Trainspotters meaning
I am reading a book – Platform Souls ‘Trainspotter as 20th Century Hero” by Nicholas Whittaker
Whittaker was a train-spotter when growing up in the 1960s. He tells of his fascination in watching steam trains and also how the decline of the railways and steam, completely changed the view of train-spotters, from a young hip hobby – to be the butt of jokes, eventually immortalised in a film about heroin addicts.
A train-spotter is defined as:
“A person who collects train numbers as a hobby.”
In the 1950s and 1960s, train-spotting was a very popular hobby for British boys who would stand on platform edges to catch the huge range of steam engines that were working the British railway system.
Train-spotting was very much the ‘FIFA football’ (or ‘Call of Duty’) of the 1950s. It was cool, and thousands of young children would spend much of their spare time hoping to get glimpses of the steam trains, passing through. It was also a little risky, with the eager train-spotter, sometimes ‘bunking’ railway sheds to catch the numbers of engines in their sheds. Train-spotters were tolerated, if not encouraged by the train authorities.

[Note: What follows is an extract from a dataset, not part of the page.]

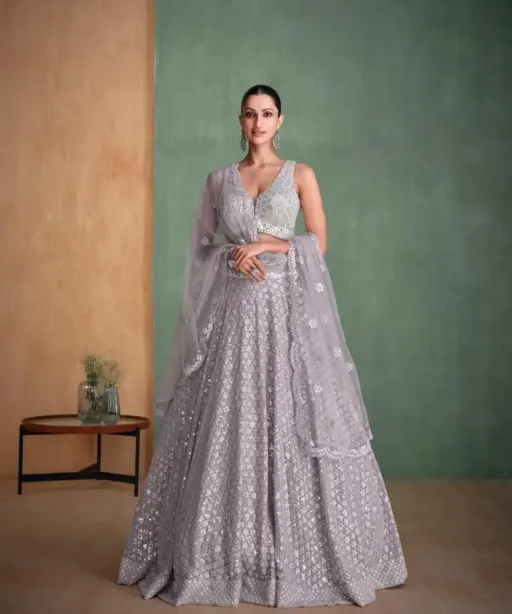 Details Premium Real Georgette (Heavy Embroidered Lehenga with Cancan and Embroidered Dupatta)

However by the early 1970s steam trains had disappeared from British railways, to be replaced by more modern, less charismatic, air-conditioned, safety-conscious mass produced trains. The decline of the romance of the railways also changed the view of train-spotters. Trainspotter jokes soon became a staple of society. This once popular hobby, has come to mean something very different. In fact ‘train-spotter’, now almost universally creates a derogatory image of a lone, anoraked, socially deficient loser, who hasn’t anything better to do.